Pan Am-Grace Flying Boat crashes in route from Guayaquil Ecuador to Panama (1937)

Posted on February 2, 2018 • Filed under: Ecuador, Ecuador Trivia, Latin America Aviation, Panama

Pan-American-Grace Airwways was a pioneer in air travel throughtout much of Latin America. Many remininensce about the nostalgic times of the great Pan American clipper ships flying high ito the Andes and to the coastal areas where the beautiful Sikorsky S-43 would transport passengers in style and comfort.

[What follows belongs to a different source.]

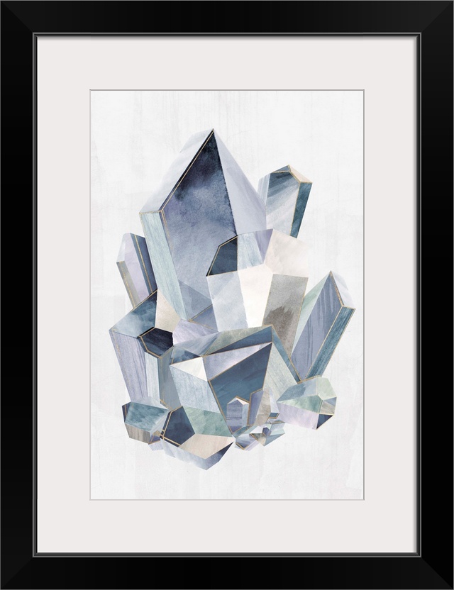 <p>Decorative wall art with rock crystal shapes compacted together in shades of blue with gray and white tones and metallic gold highlights.</p>

On Monday August 2nd, 1937, eleven passengers and three crew members were on board a Sikorsky in Guayaquil, Ecuador. The flight had originated in Lima, Peru and had already been delayed 24 hours. It was scheduled to arrive at the Cristobal Seaplane Base in Panama. After leaving Guayaquil, the plane made scheduled stops in Cali and Tumaco Colombia.

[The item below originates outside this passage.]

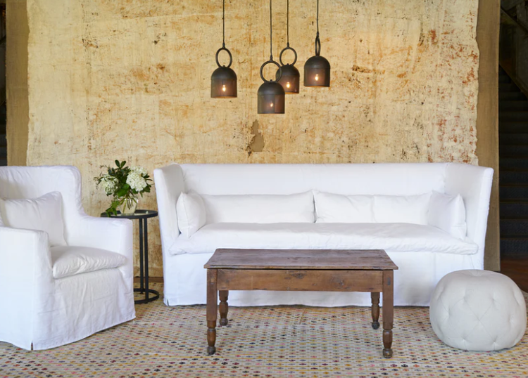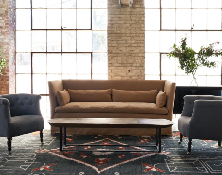 The Hunter Sofa is grand and sheltering, like a booth in your own living room. Cozy up on its comfortable plush bench seat and lay back on one or two of the lumber pillows.

At 7:15 pm, the clipper sent a radio message that the aircraft was circling or spiraling downward because of overcast skies near Cristobal. The flight was not heard from again. On August 3, U.S. Navy and Army aircraft spotted the wreckage of the Sikorsky and reported that it was “totally under water no sign of life”. The impact area was approximately 30 miles ortheast of Cristobal.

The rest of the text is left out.